Why there has to be a scientific proof for a religious practice, or belief?

To attend to the first question, one’s faith should not be conditional at all on whether there are scientifically measurable involved. Of course, a valid religion naturally does not contradict science.

That is not to say that science is not important but rather that—despite a relational attitude of Islam towards science—the two are two different entities that could naturally meet at points and depart at others.

I assume that what you mean by finding a proof is that a proof of the benefits, in this case, physical benefits of prayer. For that, my (rhetorical) answer would be, what if there is no scientifically known benefit for prayer? Should we stop doing it?
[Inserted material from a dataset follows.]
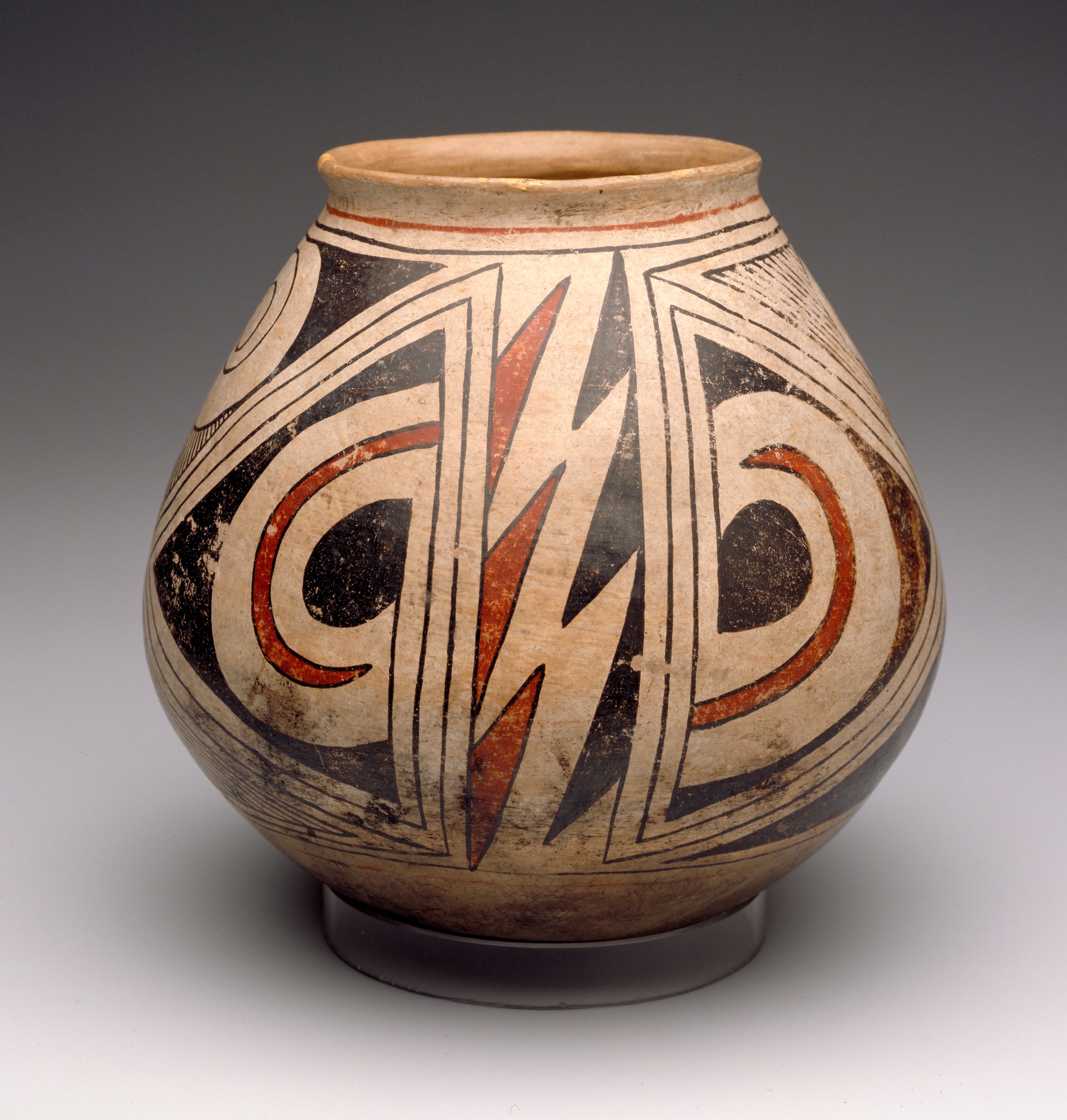 Title Pot (Olla) Dated c. 1000-1300 Role Artist Gallery Not on View Department Art of Africa and the Americas Dimension 8 1/2 x 8 3/4 x 8 3/4 in. (21.6 x 22.2 x 22.2 cm)
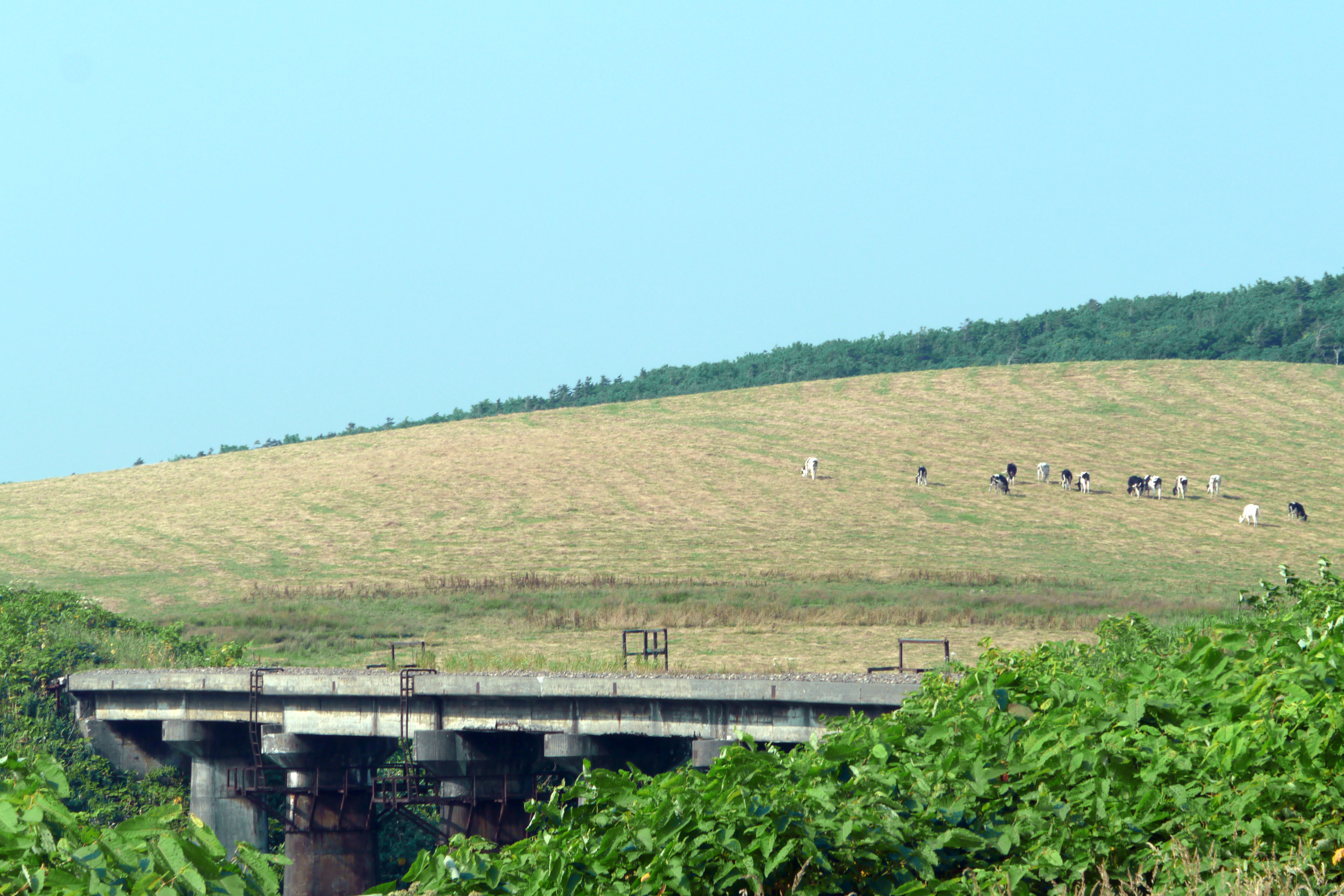 A bridge of the former Haboro Line in Hokkaido, Japan

The upshot here is that the heart of all religions, and Islam is no exception is that the spiritual benefit involved. The inner being of one is the objective.

In fact, to be sincere, what I learned from many pious, illuminated and knowledgeable scholars is that the ultimate point of religion is not even the human. It is God, majestic in His praise. Yes, we worship Allah because He deserves to be worshipped. All the rest of religion comes secondary to that.

If there is no scientifically proven benefit in an religious act, that does not mean anything. If the reward is only spiritual then religious commitments must be performed, still.

The Benefit Is Always There

Despite all that I argued earlier, there is not a single religious act, or even a belief, which does not benefit us, in one way or another. After all how can we benefit God, Almighty, with any acts that we can do?

Religion is to benefit us on all fronts; psychological, emotional, social, existential, physical, moral, intellectual, economic, collective, in this world or the hereafter. Our religion’s ultimate goal is perfection whether individual and universal.

Now, but why people are quick to ask for a scientific proof for everything? More importantly, why is that especially us Muslims always ask this question, where is the scientific proof?

The sad truth is that as the modern civilization broke from its pre-modern dark ages, and rationalism and scientism became prominent values of modernity. Not that scientific thinking and rational thinking are bad endeavors in themselves, but they are not the ultimate yardstick to measure and verify life.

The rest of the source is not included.